Do you have a real-world use case (i.e., a networking benchmark, not a
micro-benchmark of the allocation function) where this change has a
measurable impact on performance? If so, please do share the numbers!

I very much doubt it will be anything close to that magnitude, but I'm
always willing to be persuaded by data :)

> Let aside the above severe performance degradation, reusing space in
> page->signature seems to be a tradeoff between adding complexity in
> page_pool subsystem and in VM/ARCH subsystem as mentioned above.

I think you are overstating the impact on other MM users; this is all
mostly page_pool-internal logic, cf the explanation above.

>> 
>> [...]
>> 
>>>> The extra memory needed to track the pages is neatly encapsulated inside
>>>> xarray, which uses the 'struct xa_node' structure to track items. This
>>>> structure is 576 bytes long, with slots for 64 items, meaning that a
>>>> full node occurs only 9 bytes of overhead per slot it tracks (in
>>>> practice, it probably won't be this efficient, but in any case it should
>>>
>>> Is there any debug infrastructure to know if it is not this efficient?
>>> as there may be 576 byte overhead for a page for the worst case.
>> 
>> There's an XA_DEBUG define which enables some dump functions, but I
>> don't think there's any API to inspect the memory usage.

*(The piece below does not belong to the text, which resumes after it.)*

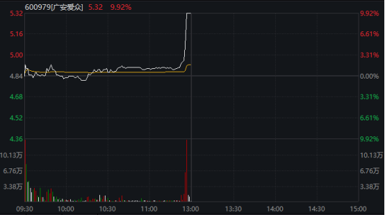 其中,粤电力A与广安爱众盘中均呈现直线拉升态势,短短10分钟内便封死涨停。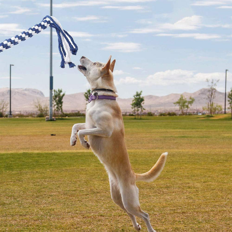 Batterie de lancer de balle jouet pour chien interactif Jouets interactifs pour chiens pour les occuper Jouets de machine de récupération de poteau extensible pour grands chiens Jouet chien interactif os bleu Taille de la boîte: 105*7*7 cm Poids de la boîte: 0.6 KG

I guess you
>> could attach a BPF program and walk the structure, or something?
>> 
>
> It seems the XA_DEBUG is not defined in production environment.
> And I am not familiar enough with BPF program to understand if the
> BPF way is feasiable in production environment.
> Any example for the above BPF program and how to attach it?

Hmm, no, not really, sorry :(

I *think* it should be possible to write a bpftrace script that walks
the internal xarray tree and counts the nodes along the way, but it's
not trivial to do, and I haven't tried.

-Toke